• _WHAT THE EXERCISE ASKS_
Please give back the listing below word for word, without the images.

• _DATASET EXTRACT_
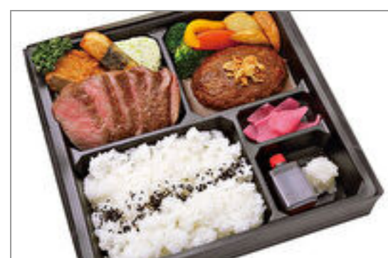
飛騨牛ステーキ&自家製煮込みハンバーグ膳【飛騨牛コロッケ添え】
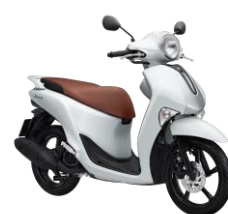
Trắng Bạc bóng
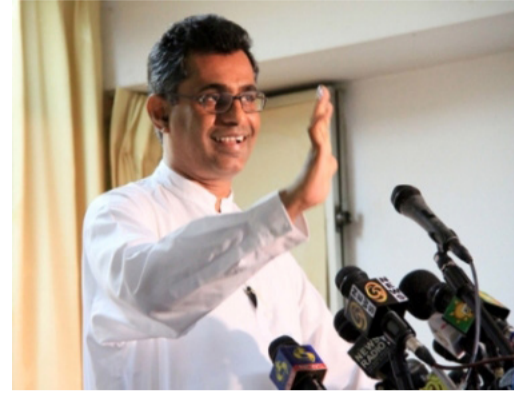
கொழும்பு, ஓக. 05 புதிய கூட்டமைப்பை உருவாக்கும் முயற்சிகள் தொடர்ந்தும் கலந்துரையாடல் மட்டத்திலேயே உள்ளன என்றும் இன்னும் அது
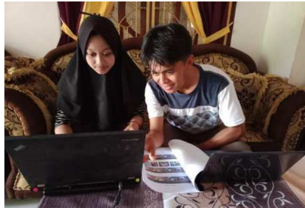
Gambar 4. Mitra mencoba dan membuka website dnummahcraft

Pelaksanaan Pengenalan website kepada mitra dilakukan dengan langsung mencoba untuk membuka dan mengenali website kepada mitra, ditunjukkan pada gambar 4 sebagai berikut :
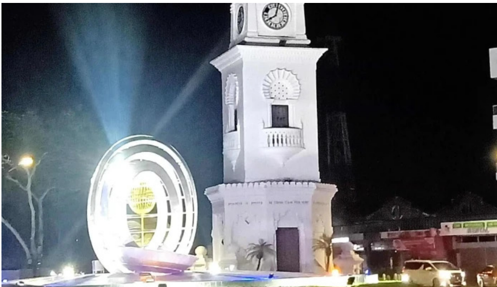
Georgetown unesco historic site buka sekarang
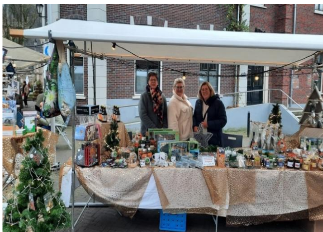
Onze kraam op de Winterfair in Aalten

De nieuw uitgebrachte fietsroute ' Ode aan het landschap ' is als enige Nederlandse fietsroute in november 2025 genomineerd als fietsroute van het jaar 2026. De meerdaagse route beslaat 368 kilometer en voert langs de indrukwekkende diversiteit van het Achterhoekse landschap. 'Ode aan het landschap' is bij de VVV verkrijgbaar als route en is tevens als boek uitgegeven.
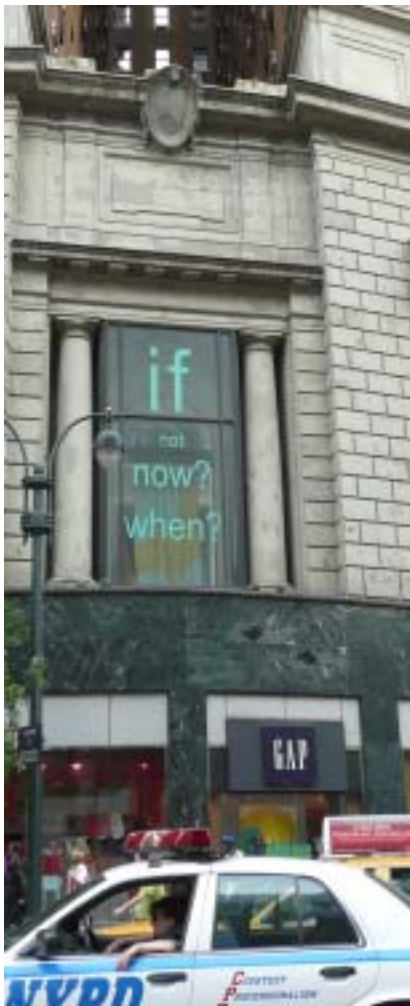
Talmudský citát jako reklama.

Na počest Franka Lloyda Wrighta je v galerii do konce srpna přístupna také velkory-
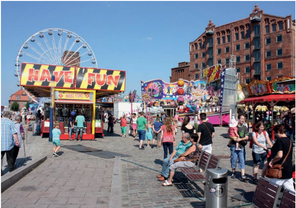
Abb. 4 Wismar, Stadthafen während des Schwedenfestes, August 2015.
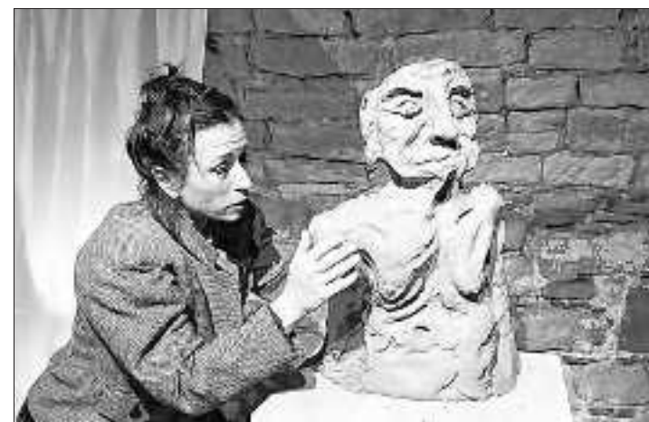
La vie d'une grande artiste.
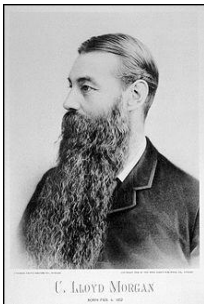
Рис. 3. К.Л. Морган

так и другие источники [2; 4; 5; 10; 11; 12].
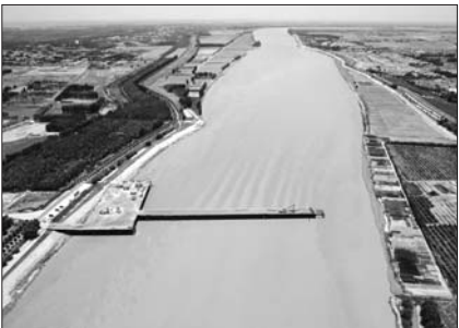
东津黄河大桥施工现场

德州路西延暨东津黄河大桥工程属于东营市“一环两快四横四纵”的区域干线公路网布局规划中“四横”之一的重要支撑线路,起点位于德州路与郝纯路交叉点,沿规划德州路向西展线,于利津县小李庄村北新建黄河大桥跨越黄河,后继续向西至荣乌高速连接线,计划建设工期36个月。项目建成后,将成为东营中心城区连接东吕高速的快捷通道,有利于加速完善山东省公路交通网络,缓解跨黄河交通压力,加快黄河三角洲高效生态经济区、山东半岛蓝色经济区的开发建设。
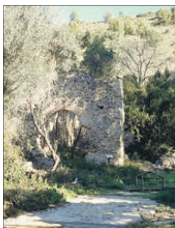
Estat actual de la Casa Calapatar.

Es pot visitar, devorada per la vegetació, a la riba esquerra del riu del Vedat. En efecte, ací estigué el vedat de caça i
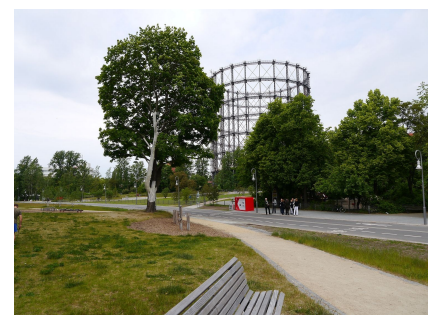
Rad- und Fußwege sowie Bewegungsangebote bilden den Grünzug Torgauer Straße als Teil der Schöneberger Schleife
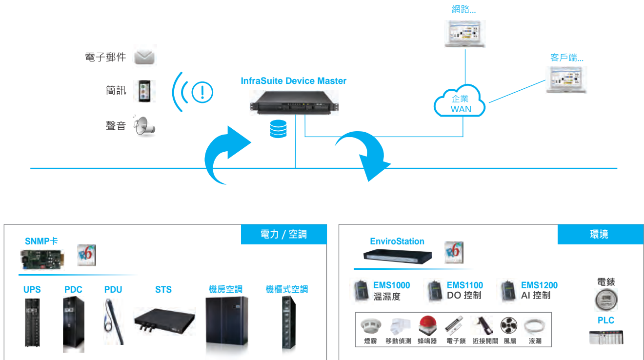
圖 1. Delta InfraSuite Device Master 監控應用

除監控設備外，如果您需要完善的 DCIM 解決方案時，InfraSuite Device Master 是移轉至 InfraSuite Manager 最簡單的方式。InfraSuite Manager 是功能齊全的台達 DCIM 軟體解決方案。

• _EXPECTED ANSWER_
飛騨牛ステーキ&自家製煮込みハンバーグ膳【飛騨牛コロッケ添え】
Trắng Bạc bóng
கொழும்பு, ஓக. 05 புதிய கூட்டமைப்பை உருவாக்கும் முயற்சிகள் தொடர்ந்தும் கலந்துரையாடல் மட்டத்திலேயே உள்ளன என்றும் இன்னும் அது
Gambar 4. Mitra mencoba dan membuka website dnummahcraft

Pelaksanaan Pengenalan website kepada mitra dilakukan dengan langsung mencoba untuk membuka dan mengenali website kepada mitra, ditunjukkan pada gambar 4 sebagai berikut :
Georgetown unesco historic site buka sekarang
Onze kraam op de Winterfair in Aalten

De nieuw uitgebrachte fietsroute ' Ode aan het landschap ' is als enige Nederlandse fietsroute in november 2025 genomineerd als fietsroute van het jaar 2026. De meerdaagse route beslaat 368 kilometer en voert langs de indrukwekkende diversiteit van het Achterhoekse landschap. 'Ode aan het landschap' is bij de VVV verkrijgbaar als route en is tevens als boek uitgegeven.
Talmudský citát jako reklama.

Na počest Franka Lloyda Wrighta je v galerii do konce srpna přístupna také velkory-
Abb. 4 Wismar, Stadthafen während des Schwedenfestes, August 2015.
La vie d'une grande artiste.
Рис. 3. К.Л. Морган

так и другие источники [2; 4; 5; 10; 11; 12].
东津黄河大桥施工现场

德州路西延暨东津黄河大桥工程属于东营市“一环两快四横四纵”的区域干线公路网布局规划中“四横”之一的重要支撑线路,起点位于德州路与郝纯路交叉点,沿规划德州路向西展线,于利津县小李庄村北新建黄河大桥跨越黄河,后继续向西至荣乌高速连接线,计划建设工期36个月。项目建成后,将成为东营中心城区连接东吕高速的快捷通道,有利于加速完善山东省公路交通网络,缓解跨黄河交通压力,加快黄河三角洲高效生态经济区、山东半岛蓝色经济区的开发建设。
Estat actual de la Casa Calapatar.

Es pot visitar, devorada per la vegetació, a la riba esquerra del riu del Vedat. En efecte, ací estigué el vedat de caça i
Rad- und Fußwege sowie Bewegungsangebote bilden den Grünzug Torgauer Straße als Teil der Schöneberger Schleife
圖 1. Delta InfraSuite Device Master 監控應用

除監控設備外，如果您需要完善的 DCIM 解決方案時，InfraSuite Device Master 是移轉至 InfraSuite Manager 最簡單的方式。InfraSuite Manager 是功能齊全的台達 DCIM 軟體解決方案。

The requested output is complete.